Rick Scott's administration passed a law that said welfare recipients must be drug tested in order to receive benefits. Rick Scott's family has a lot (~68/200 million) invested in some of those facilities.
I hope you don't get voted down, because it's just the way things are. It is really mind boggling how many GOP supporters try and deny this. What has happened in FL since the early 00's is just criminal. How opponents of Rick Scott couldn't get him ejected from office is a mystery to me, if it's not solely "money in politics."
I hope it gets voted down. It was John F. Kennedy that introduced the Community Mental Health act of 1963 to close down and defund mental institions. The idea of cutting spending for mental facilities was put forth by the Democratic party, not GOP. Both parties have continued ever since.

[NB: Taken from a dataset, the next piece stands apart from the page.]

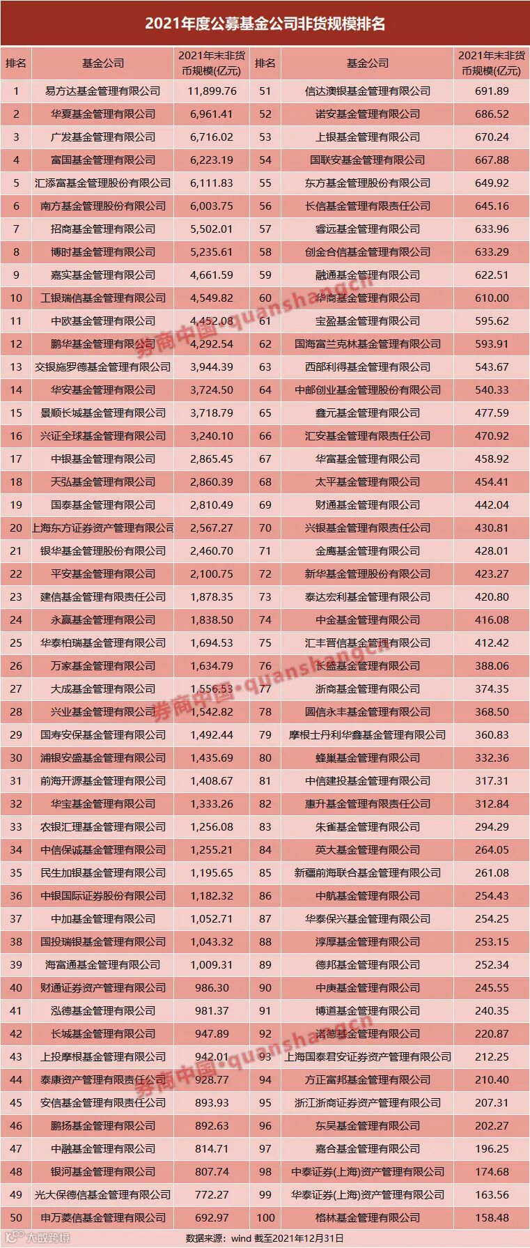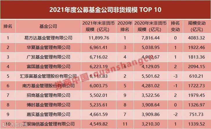 紧随其后,华夏基金位居次席,截至2021末的非货规模为6961.41亿元,比2020年末增长了1922.46亿元,排名上升1位;广发、富国、汇添富基金分列3~5名,非货规模都超过了6000亿元。

No. This is an old, standard Republican mis-talking point that (as usual) is unsupported by facts.
The Community Mental Health act was fully funded at the time it was passed, to the tune of $330 million, and received almost $2 billion over the next decade. It was an example of an INCREASE in federal funding for mental health, put forth by Democrats, and bitterly opposed by Republicans.
Individual states, with Republican blessing, were the culprits in not continuing to fund local clinics. Then in 1980, Republican Ronald Reagan changed federal mental health funding to make it a block grant, spendable by states any old way they chose. And many chose NOT to spend it on mental health. Not content to turn Californians with mental illness out in the street (which he did as California governor), he decided he'd do that to America at large.

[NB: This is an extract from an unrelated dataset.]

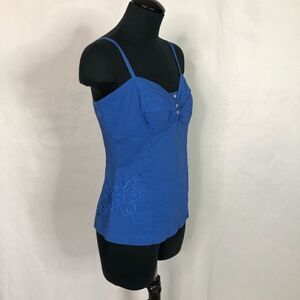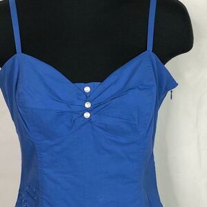 Y2K Blue Rose Embroidered Guess Zip Up Tank Top.

Don't try to blame Dems for standard Republican obstructionism that damaged and continues to damage public health.
The problem, and this applies to both parties and liberals and conservatives, is that politics is rarely evidence based. It's anecdote based, because that's what's easier to get people to relate to. There are plenty of liberal policies that are disasters, just as there are conservative ones, but if you attempt to change them it's an attack on that ideology, regardless of how well the policy is working in practice. The biggest problem with politics isn't that politicians are insular and out for themselves and their own interests/area, it's that they've all got their heads stuck so far into the ground they don't even know whether what they are doing is actually helping or hurting. Confirmation bias at its worst and most harmful.
To be fair we (FL) have had a horrible track record with mental health care for the better part of 5 decades. While I am no fan of Scott and his corruption the state of mental health care in FL has been on a slow roll downhill for a long time and both sides are just as culpable.